**WHAT THE TASK ASKS**
Leaving out all pictures, transcribe the lines below exactly, from the first through the line containing "La seduta profonda".

**DATA FOR REVIEW**
○ ○ ○ ○ ○

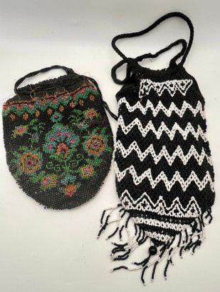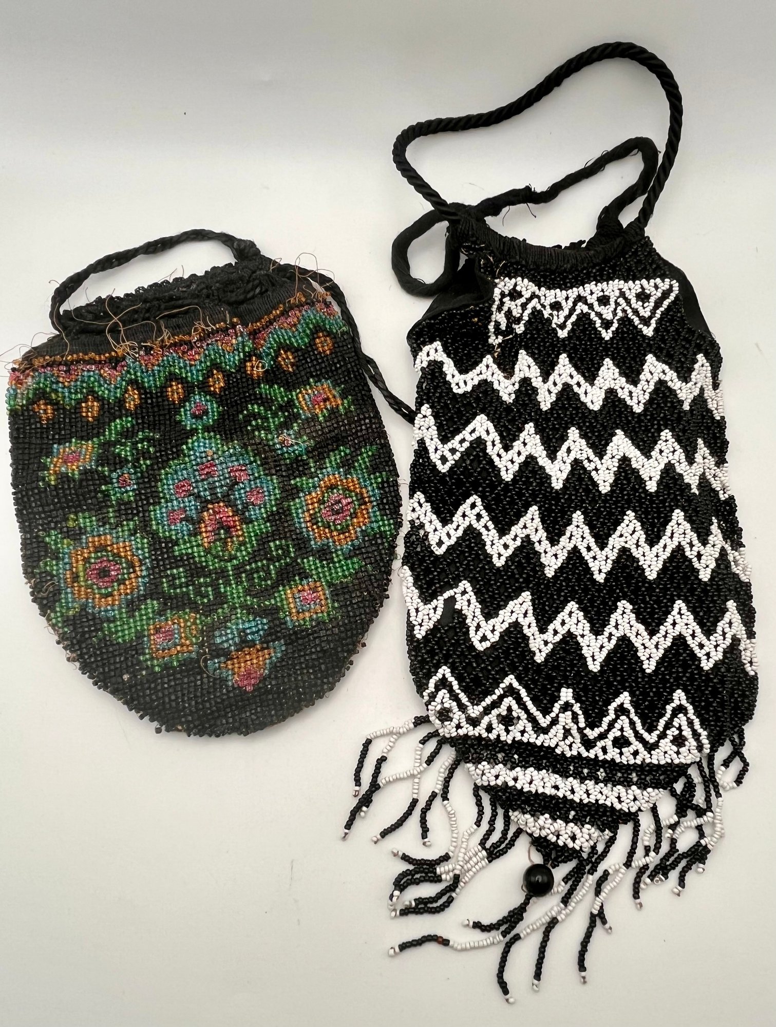The black and white beaded purse has extra beads and one of the fringe dangle pieces
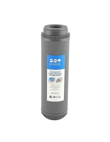 Картридж вугільний насипний Raifil GAC-10R-ARG 10 дюймів призначений для очищення води від хлору, органічних сполук, пестицидів, інсектицидів, нафтопродуктів та механічних частинок розміром до 10 мікрон. Завдяки наповненню з гранульованого активованого вугілля зі шкаралупи кокосового горіха картридж ефективно усуває неприємний присмак та запах води. Додатково картридж збагачений іонами срібла, що перешкоджає розвитку бактерій усередині фільтруючого елемента.
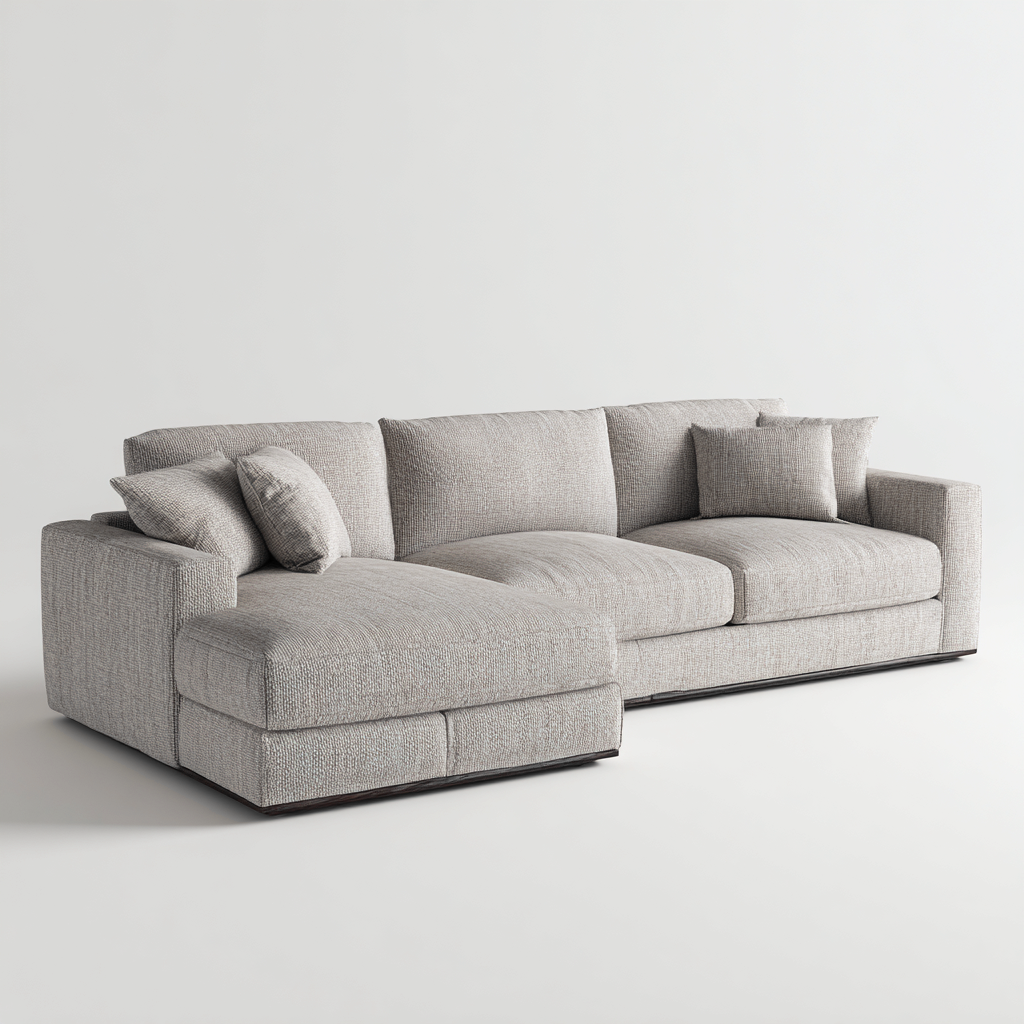 La seduta profonda e imbottita offre un comfort elevato durante il relax. Il design angolare consente una gestione efficiente dello spazio nel soggiorno mantenendo uno stile moderno.
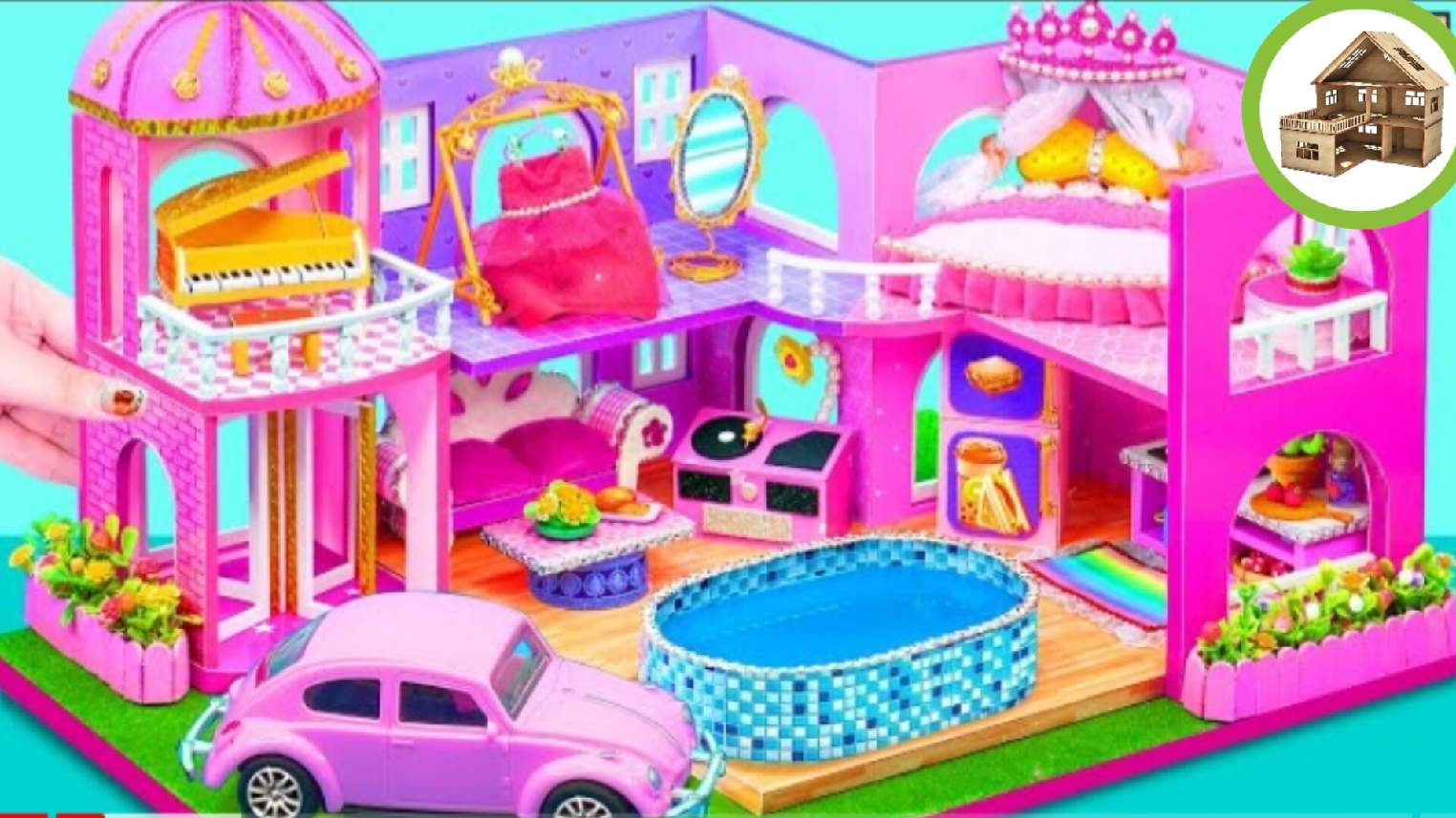 Как построить мега роскошный розовый замок с мега-бассейном | миниатюрный домик из кортона /120
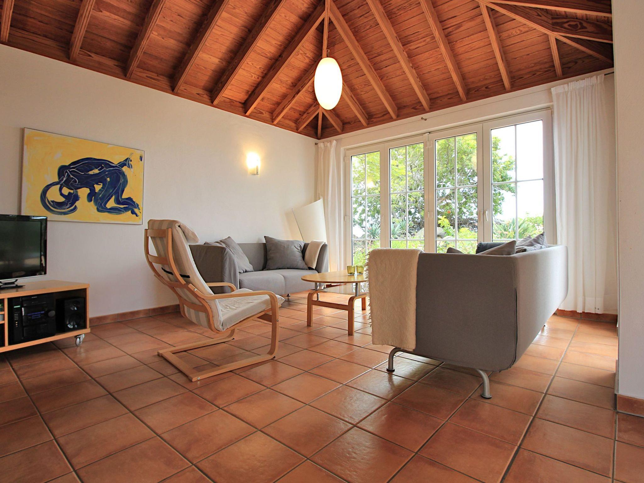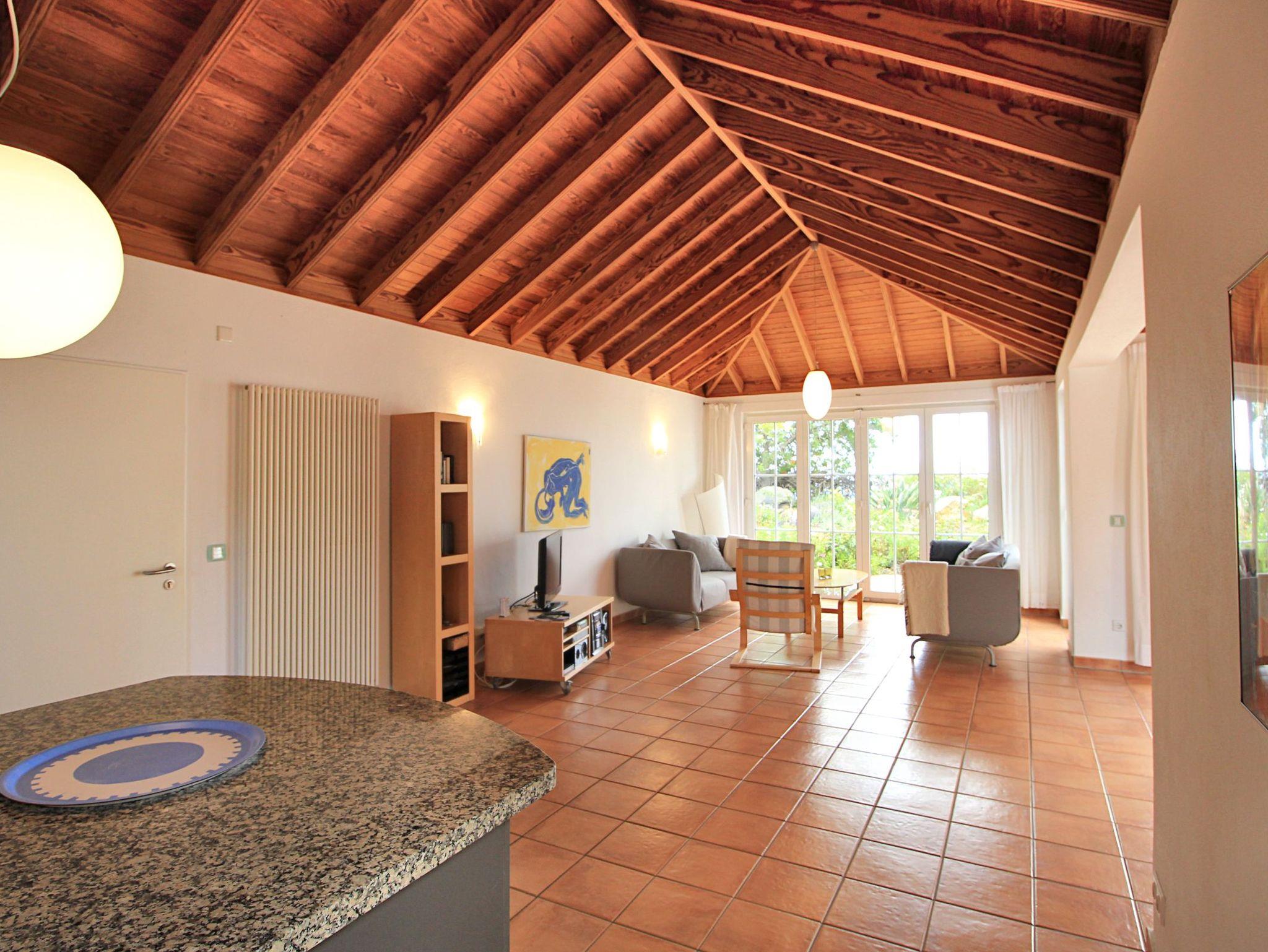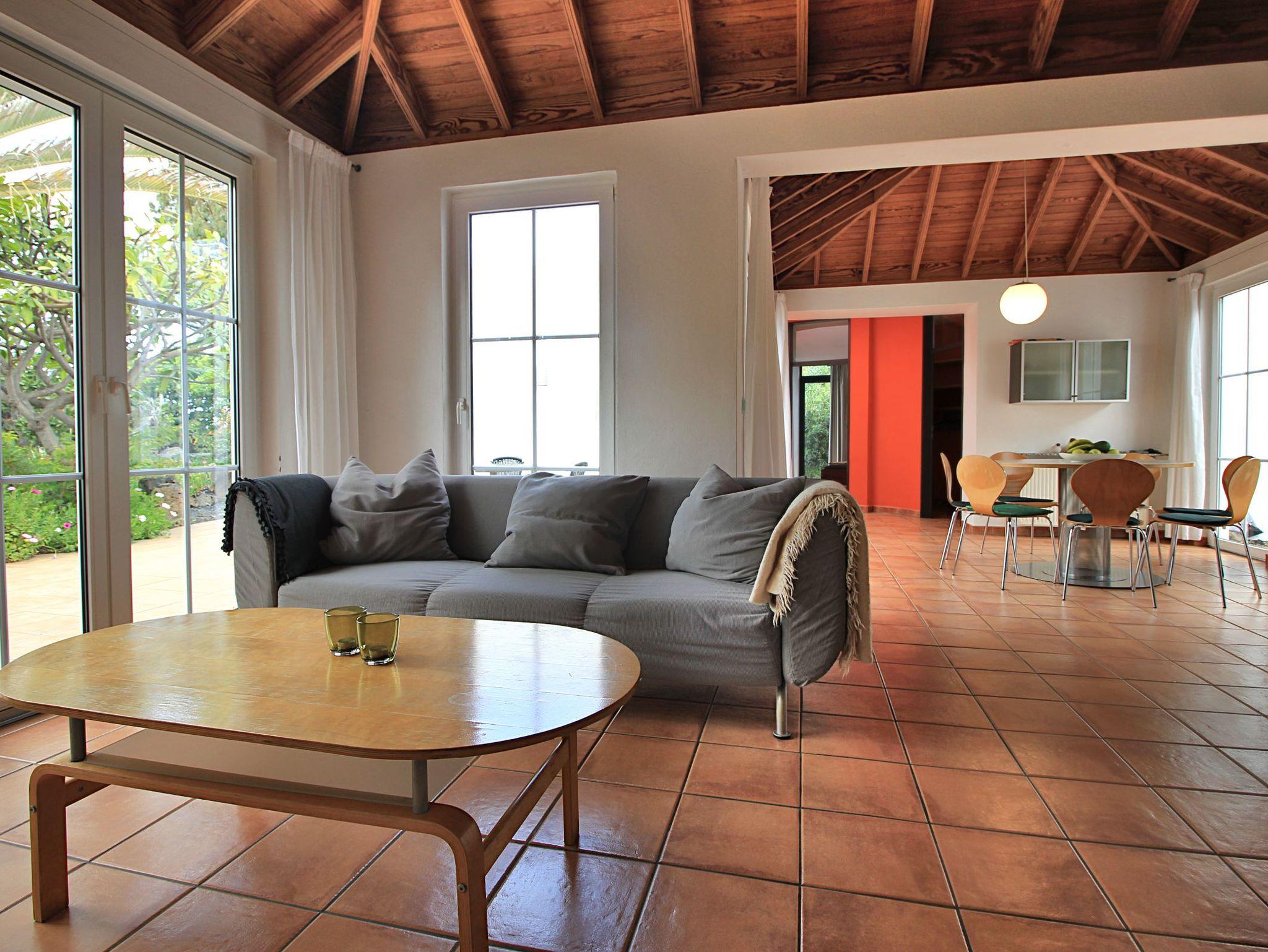 Runde Wände und Natursteinverkleidung mischen sich mit moderner Architektur und erzeugen ein ganz besonderes Raumgefühl. Weitläufigkeit, Helligkeit, akzentuierte Wände im Orange von gebranntem Ton, Terrakottafliesen und hohe kanarische Holzdecken sorgen für eine entspannte Wohnlichkeit in der Unterkunft, die von subtropischen Pflanzen eingerahmt wird.
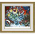 『恋人たちの花束』は、色彩の魔術師の異名を持つマルクシャガールらしさが存分に表現されている一枚です。様々な色を使用しているにも関わらず、絵に統一感があるのはさすがシャガールといった印象を受けることでしょう。存在感のある中央の大きな花束の左下には恋人たちが描かれています。優しげな微笑みを浮かべる二人は、見ている人を穏やかな気持ちにさせてくれます。右側に描かれているのは音楽隊でしょうか。幸せそうな二人を祝福しているのかもしれません。幸福感につつまれたこちらの作品は、ご結婚された方へのお祝いとしてもぴったりです。玄関に飾れば訪れる方を華やかに出迎えてくれますし、リビングに飾るとそれだけで素敵な空間を彩ってくれることでしょう。
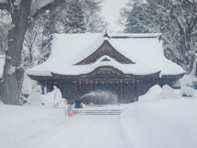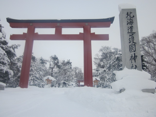 今回は旭川冬まつり見物の折に、冬の護国神社の様子が見たくて立ち寄ってみました。除雪に関しては、国道40号線側からの参道沿いに、大体2m位の幅で本殿まで施されているという感じで、道北バスや旭川電気軌道バスの護国神社前からのアクセスでの参拝に関しては、問題なく本殿前まで行くことが出来ると思います。

○ ○ ○ ○ ○

**PROBLEM SOLUTION**
The black and white beaded purse has extra beads and one of the fringe dangle pieces
 Картридж вугільний насипний Raifil GAC-10R-ARG 10 дюймів призначений для очищення води від хлору, органічних сполук, пестицидів, інсектицидів, нафтопродуктів та механічних частинок розміром до 10 мікрон. Завдяки наповненню з гранульованого активованого вугілля зі шкаралупи кокосового горіха картридж ефективно усуває неприємний присмак та запах води. Додатково картридж збагачений іонами срібла, що перешкоджає розвитку бактерій усередині фільтруючого елемента.
 La seduta profonda e imbottita offre un comfort elevato durante il relax. Il design angolare consente una gestione efficiente dello spazio nel soggiorno mantenendo uno stile moderno.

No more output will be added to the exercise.